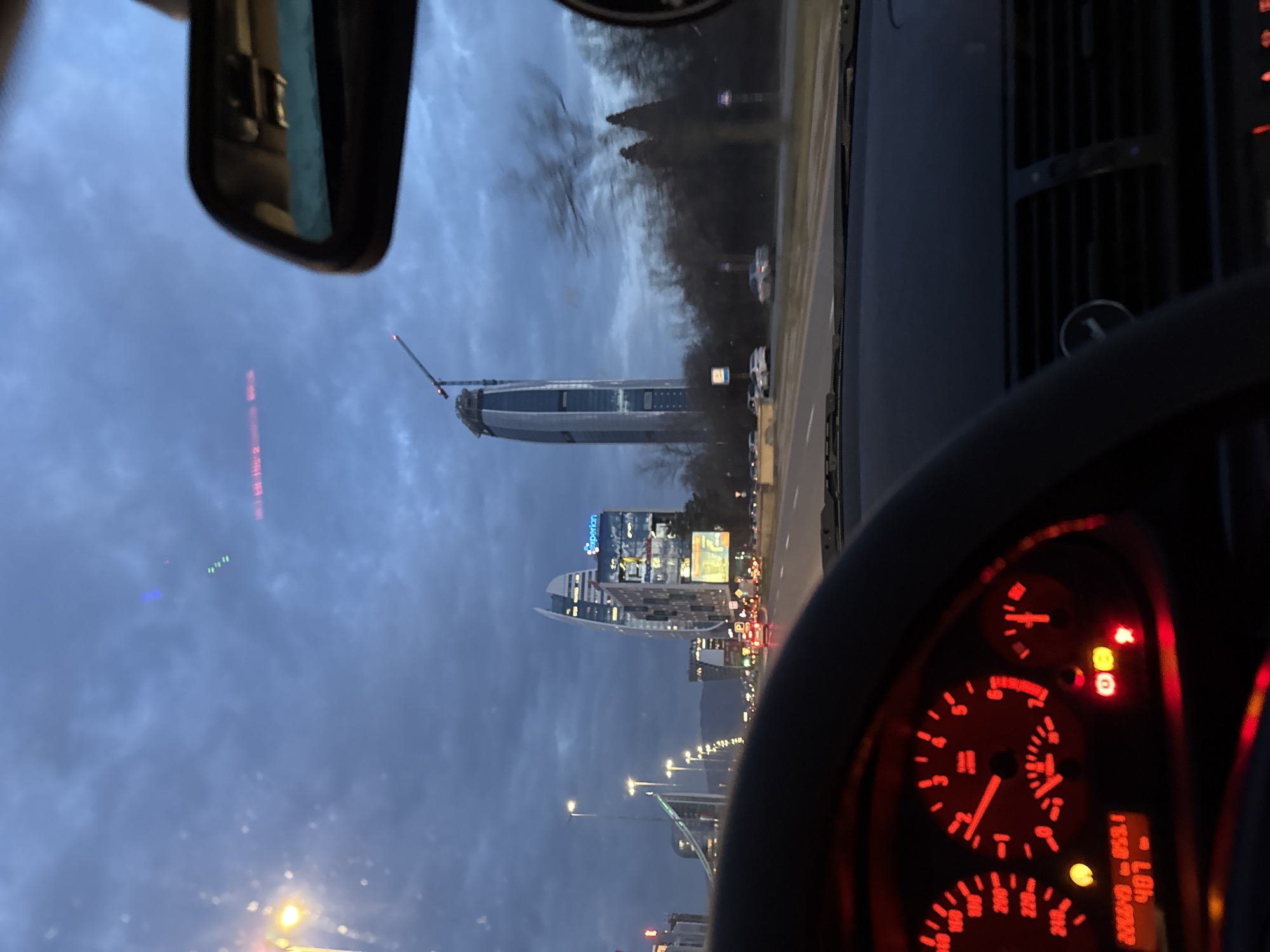 The image depicts an exterior view from within a moving vehicle on Tsarigradsko Shose boulevard in Sofia, Bulgaria, at dusk or early night. The sky above is overcast with dark blue-grey clouds. In the immediate foreground, the lower portion of a dark steering wheel obstructs the view. The vehicle's dashboard is prominently displayed, featuring red-illuminated analog gauges for speedometer, tachometer, fuel level, and engine temperature. A digital odometer or trip meter displays "220073" and "059.1". Several orange and red warning indicator lights are illuminated on the dashboard, including one commonly associated with a parking brake and another general warning light. A blurry rearview mirror is partially visible in the upper right quadrant, reflecting a faint bluish-green light. Outside the vehicle, a multi-lane asphalt road appears wet, reflecting light sources. Streetlights with yellow-white illumination line both sides of the road, extending into the distance. Multiple vehicles are visible on the road ahead, identifiable by their red taillights. To the left, several illuminated modern buildings are present, including the distinctively curved Capital Fort building, displaying "Experian" signage. To the right, the tall, slender structure of Sky Fort is seen under construction, with a large crane positioned at its apex. Dark, bare trees line the right side of the road parallel to the vehicle's direction of travel. Distant urban lights are faintly visible in the background.
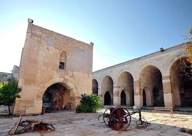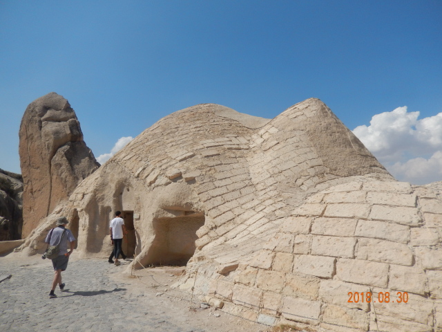 古丝绸之路上每40公里都有一个客栈。因为一个骆驼从早到晚只能走40公里的路。遗留下来的驿站大多已经成为废墟或是毁于战火,这座1229年建的客栈也在1258年经历了一次大火灾,后重新修复,现在还在修复。这种客栈里面有小清真寺、马棚、客房、洗澡的地方和餐厅、厨房。这种客栈前三天是免费的,第四天开始收费。这样如果只有一个商人来了,他为了安全要等下一个商队来了以后跟他们一起走。一般第四天另一个商队就来了,来的人不能只住两三天,要到四天左右休息好了再走。
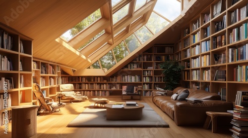 Modern library or bookstore interior with Learning and coworking space,relax zone,Library with rows of bookshelves arranged,school,university,shared desk and chairs,panoramic window.
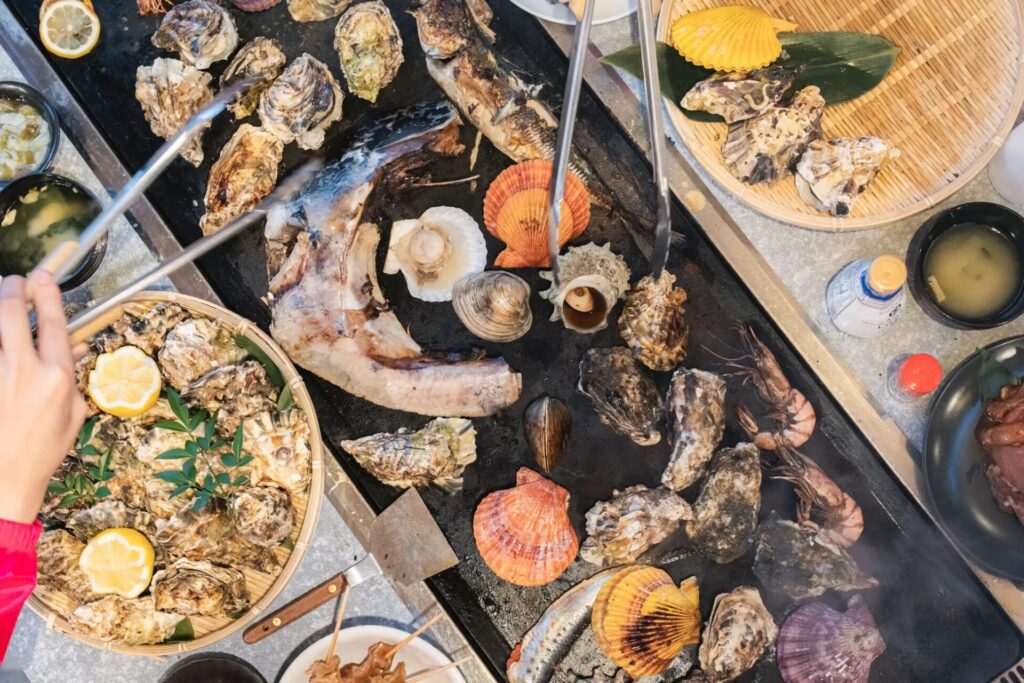牡蠣/干物(日替わり)/ホタテ/ブラックタイガー/サザエ/白ハマグリ
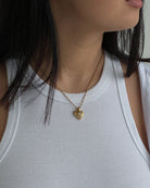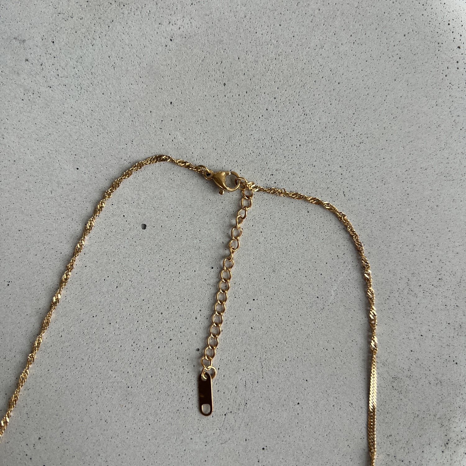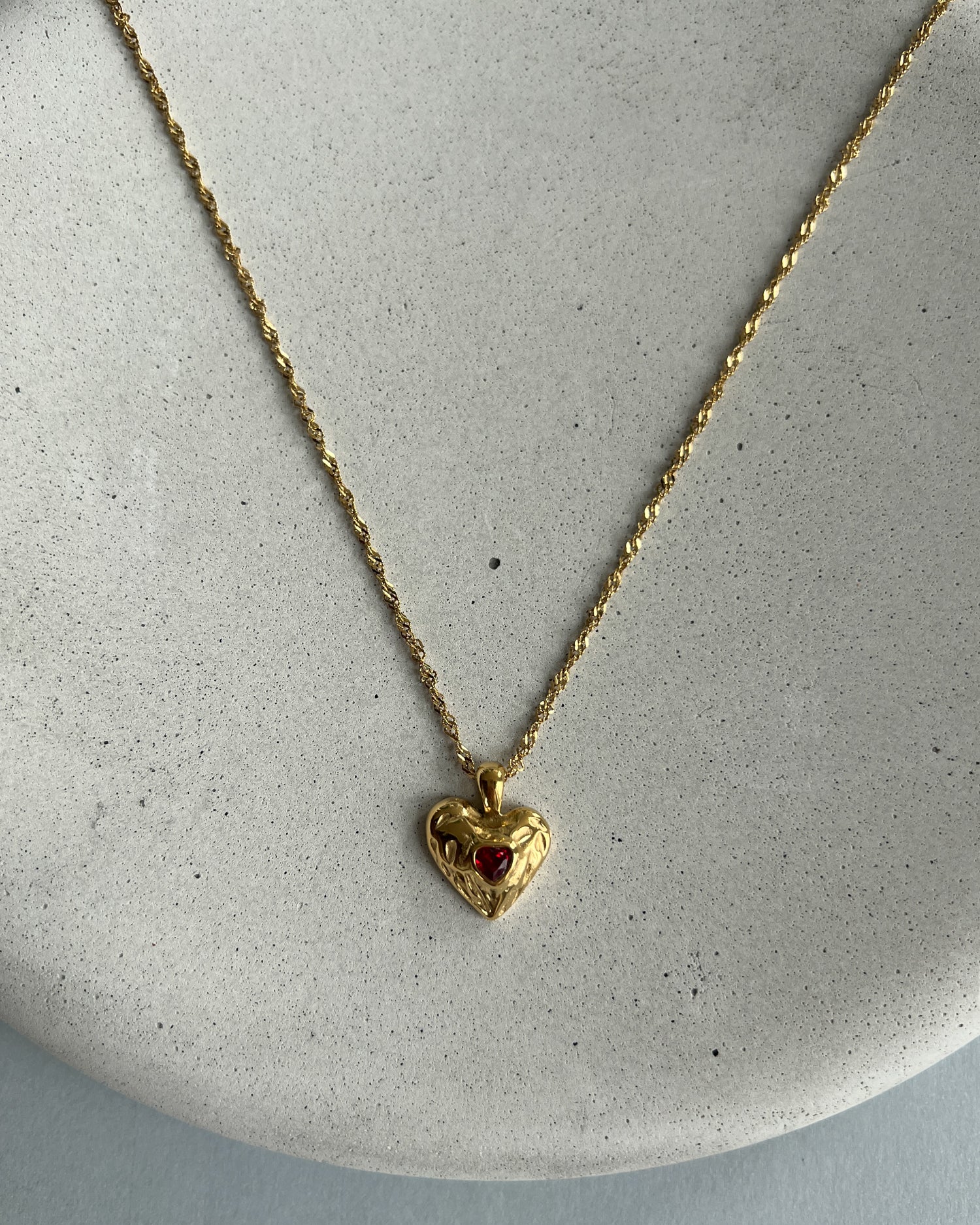Minimalistinis, elegantiškas, nerūdijančio plieno vėrinys su širdelės formos pakabuku ir cirkoniu. Pagaminta iš nerūdijančio plieno, padengta 1,5 mikrono PVD auksu, o tai reiškia, kad paauksavimas išlieka ilgiau bei yra atsparus vandeniui. Ilgis: 40,5 + 5,5 cm.

#####

■ **Task to carry out**
Nothing but the lines from the line holding "古丝绸之路上每40公里都有一" through the last line of the entries above is to be reproduced, exactly and without pictures.

■ **Solution below**
 古丝绸之路上每40公里都有一个客栈。因为一个骆驼从早到晚只能走40公里的路。遗留下来的驿站大多已经成为废墟或是毁于战火,这座1229年建的客栈也在1258年经历了一次大火灾,后重新修复,现在还在修复。这种客栈里面有小清真寺、马棚、客房、洗澡的地方和餐厅、厨房。这种客栈前三天是免费的,第四天开始收费。这样如果只有一个商人来了,他为了安全要等下一个商队来了以后跟他们一起走。一般第四天另一个商队就来了,来的人不能只住两三天,要到四天左右休息好了再走。
 Modern library or bookstore interior with Learning and coworking space,relax zone,Library with rows of bookshelves arranged,school,university,shared desk and chairs,panoramic window.
牡蠣/干物(日替わり)/ホタテ/ブラックタイガー/サザエ/白ハマグリ
Minimalistinis, elegantiškas, nerūdijančio plieno vėrinys su širdelės formos pakabuku ir cirkoniu. Pagaminta iš nerūdijančio plieno, padengta 1,5 mikrono PVD auksu, o tai reiškia, kad paauksavimas išlieka ilgiau bei yra atsparus vandeniui. Ilgis: 40,5 + 5,5 cm.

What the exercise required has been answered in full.